::: THE DATA

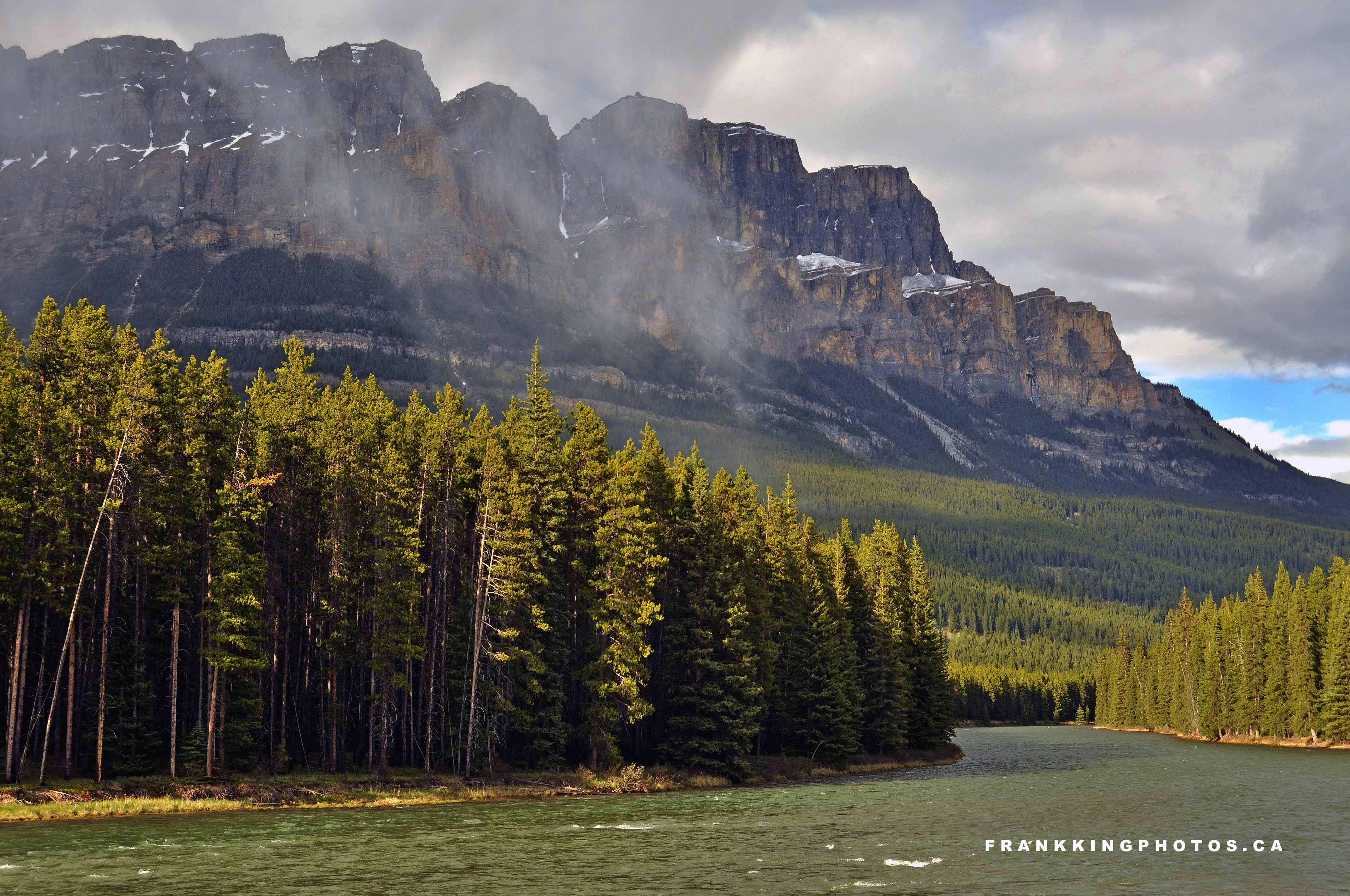 I photographed this along the edge of the Trans Canada Highway in one of Canada’s most iconic national parks. That’s Castle Mountain soaring above the trees. I could have gotten a higher perspective by crossing the road (away from the river) and climbing a hill, but no matter how I tried, I couldn’t keep the road and a few distracting shrubs along the river edge out of the composition. So I opted for this view instead, relying on the fabulous evening sky to make the picture memorable.
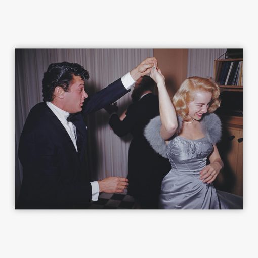 Step into the glamour of Hollywood's golden era with Let's Twirl, a captivating photograph that freezes a moment of pure elegance. Silver screen legends Tony Curtis and Janet Leigh sway in perfect harmony at James Mason's Beverly Hills soirée, their dance encapsulating the allure and sophistication that defined a generation. Captured by Slim Aarons, the master photographer who immortalized the beauty and luxury of the 20th-century elite, this print showcases his signature ability to document the effortless glamour of high society.
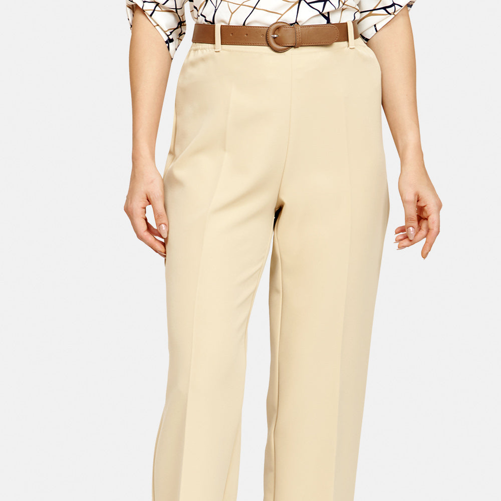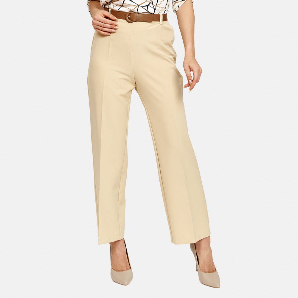 Pantalón recto en color beige con cinturón de hebilla Toscana.
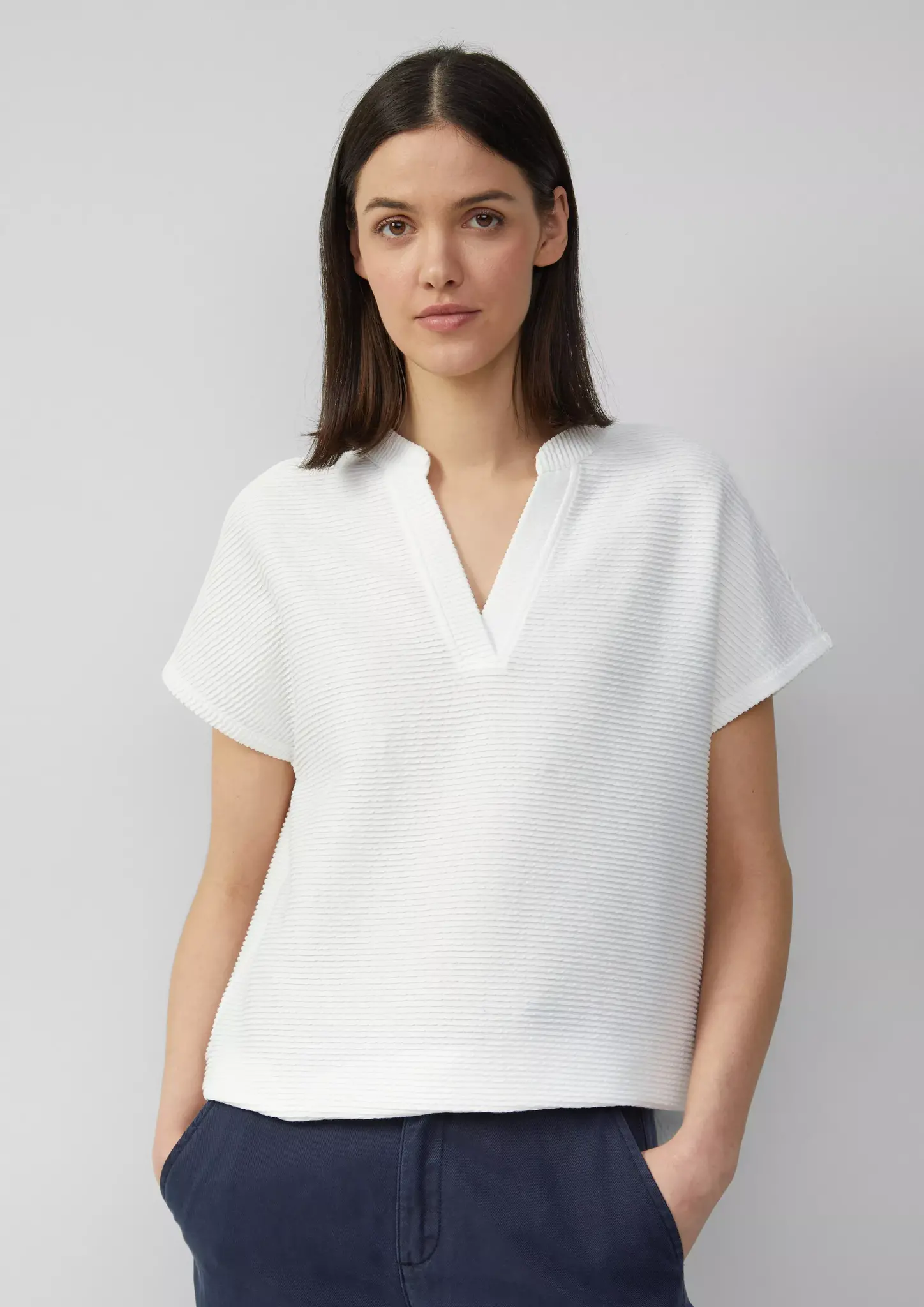 Denim/JeansRokken/JurkenVesten/TruienJassen/MantelsBlazersBeschrijvingZacht T-Shirt met Structuur - Ecru
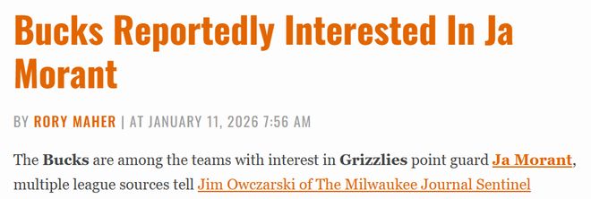 北京時間1月11日,據雄鹿隊記吉姆-奧瓦爾斯基透露,雄鹿隊是有意追求孟菲斯灰熊隊控衛賈-莫蘭特的球隊之一。這是首份明確將雄鹿隊與身處交易市場的莫蘭特聯系在一起的報道。
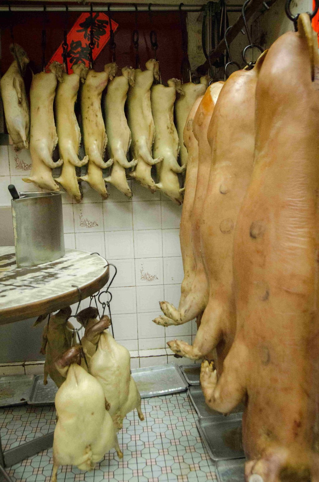In a small dirty white room, the decor is shocking: daddy piggy, mommy piggy and seven suckling pigs are hung up to dry, like t- shirts out of the wash, right there in the dining room. To the left of the entrance, a few whole geese are also drying, hanging from their twisted necks. Nobody asks “What’s for dinner?” It’s pretty obvious. There will be no vegetables on the menu tonight.
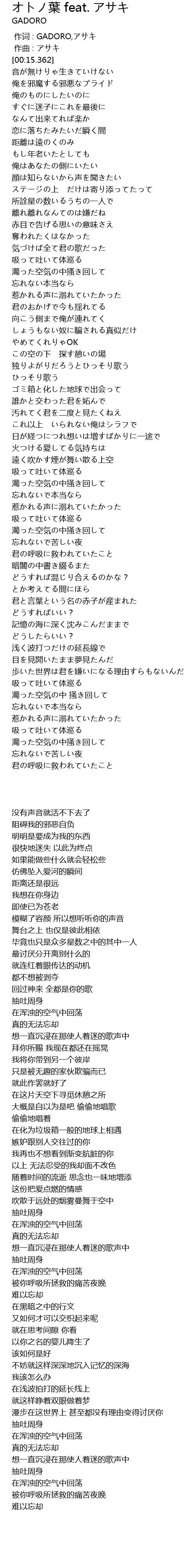 | [00:00.000] | 作词 : GADORO,アサキ |

::::::

**HOW TO COMPLETE THIS TASK:**
For this exercise, write out exactly the lines from the one with "Pantalón recto en" through the last line of the records, inclusive, and leave each picture out.

**RESPONSE TO THIS EXERCISE:**
 Pantalón recto en color beige con cinturón de hebilla Toscana.
 Denim/JeansRokken/JurkenVesten/TruienJassen/MantelsBlazersBeschrijvingZacht T-Shirt met Structuur - Ecru
 北京時間1月11日,據雄鹿隊記吉姆-奧瓦爾斯基透露,雄鹿隊是有意追求孟菲斯灰熊隊控衛賈-莫蘭特的球隊之一。這是首份明確將雄鹿隊與身處交易市場的莫蘭特聯系在一起的報道。
In a small dirty white room, the decor is shocking: daddy piggy, mommy piggy and seven suckling pigs are hung up to dry, like t- shirts out of the wash, right there in the dining room. To the left of the entrance, a few whole geese are also drying, hanging from their twisted necks. Nobody asks “What’s for dinner?” It’s pretty obvious. There will be no vegetables on the menu tonight.
 | [00:00.000] | 作词 : GADORO,アサキ |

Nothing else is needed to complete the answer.